- **What this task involves**:
Repeat exactly the lines below from the line that contains "巴拉巴拉balaOne儿童手套男童女童半指翻盖手套保暖2025新款舒适" to the last line, inclusive, without the pictures.

Extracted data entries:
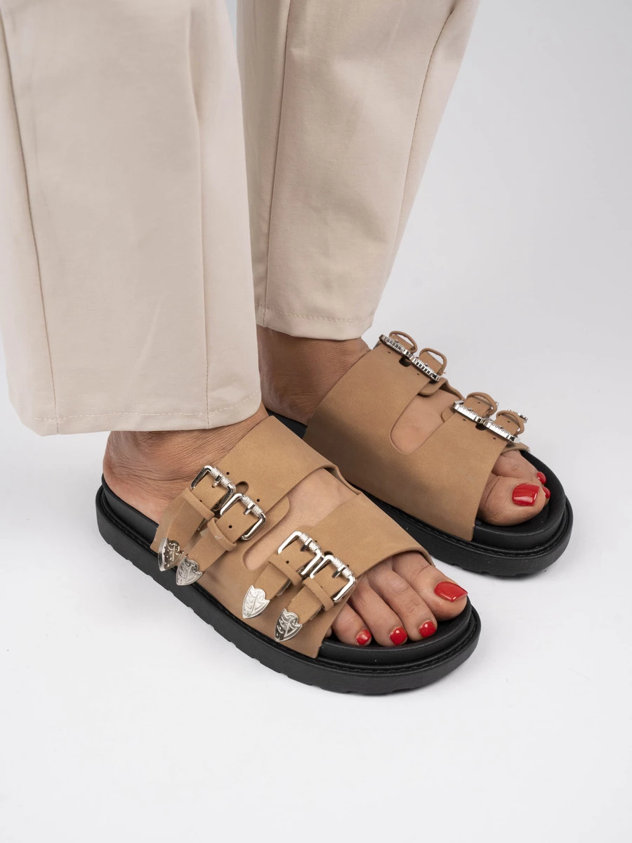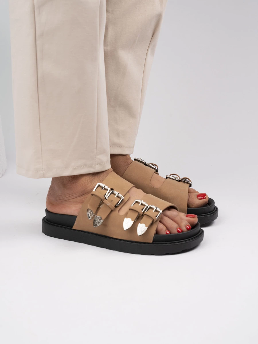 Klapki damskie z klamrami i skórzanymi paskami w kolorze Camel
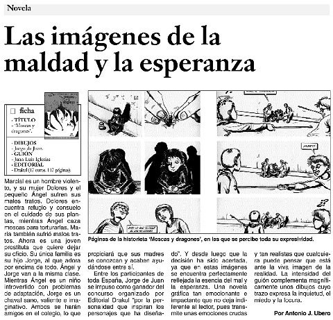 Moscas y dragones, el cómic de Juan Luis Iglesias y Jorge de Juan, sigue muy vigente. Y es porque, por desgracia, el tema de la violencia de género no pasa de moda. Es una asignatura pendiente que la sociedad sigue sin resolver.
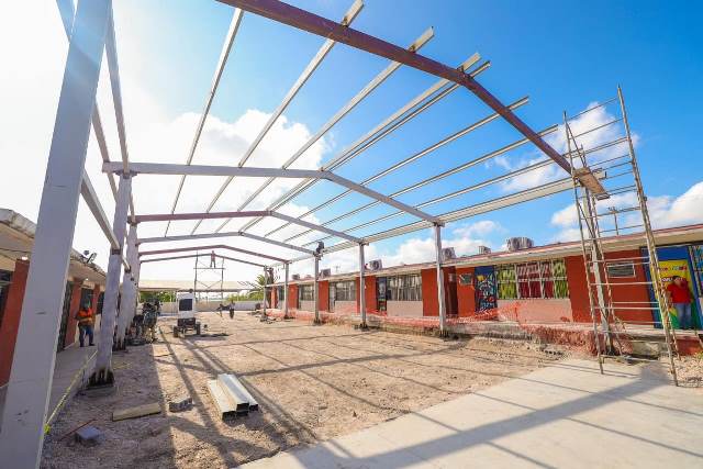 Reynosa, Tam.- «Supervisamos la Construcción de Techumbre Metálica en la Escuela Primaria Federal Aquiles Serdán, en la colonia Rancho Grande; sabemos que invertir en infraestructura educativa es invertir en el futuro de nuestras niñas y niños, porque cada obra en una escuela es una oportunidad para aprender en mejores condiciones», aseguró el Presidente Municipal Carlos Peña Ortiz.
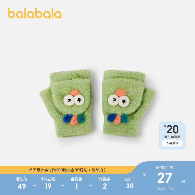 巴拉巴拉balaOne儿童手套男童女童半指翻盖手套保暖2025新款舒适
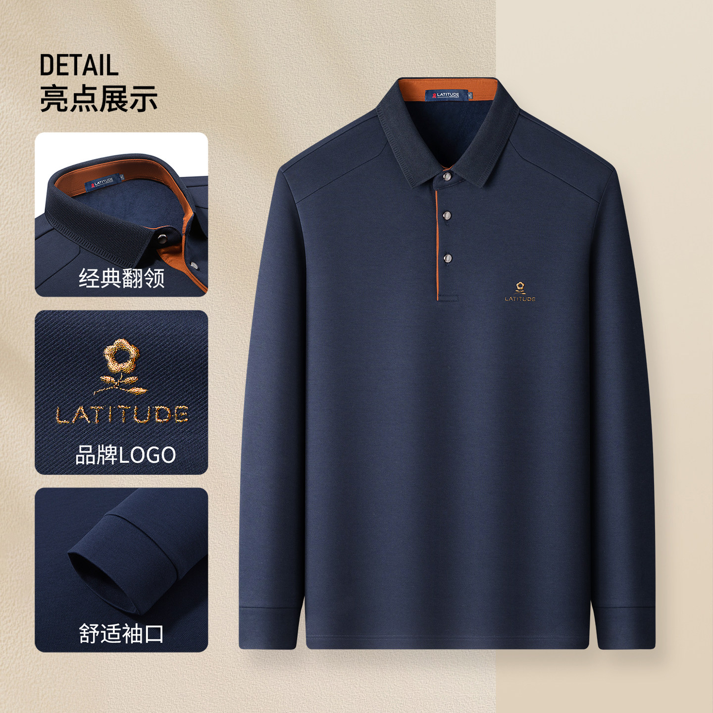 天猫抓绒内里-梦特娇男士秋冬季长袖t恤加绒加厚拼接肩型商务Polo衫Z
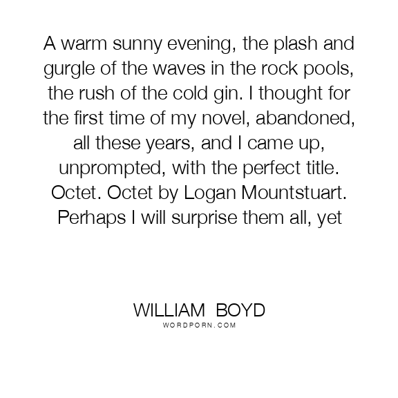 A warm sunny evening, the plash and gurgle of the waves in the rock pools, the rush of the cold gin. I thought for the first time of my novel, abandoned, all these years, and I came up, unprompted, with the perfect title. Octet. Octet by Logan Mountstuart. Perhaps I will surprise them all, yet

- **Response box**:
 巴拉巴拉balaOne儿童手套男童女童半指翻盖手套保暖2025新款舒适
 天猫抓绒内里-梦特娇男士秋冬季长袖t恤加绒加厚拼接肩型商务Polo衫Z
 A warm sunny evening, the plash and gurgle of the waves in the rock pools, the rush of the cold gin. I thought for the first time of my novel, abandoned, all these years, and I came up, unprompted, with the perfect title. Octet. Octet by Logan Mountstuart. Perhaps I will surprise them all, yet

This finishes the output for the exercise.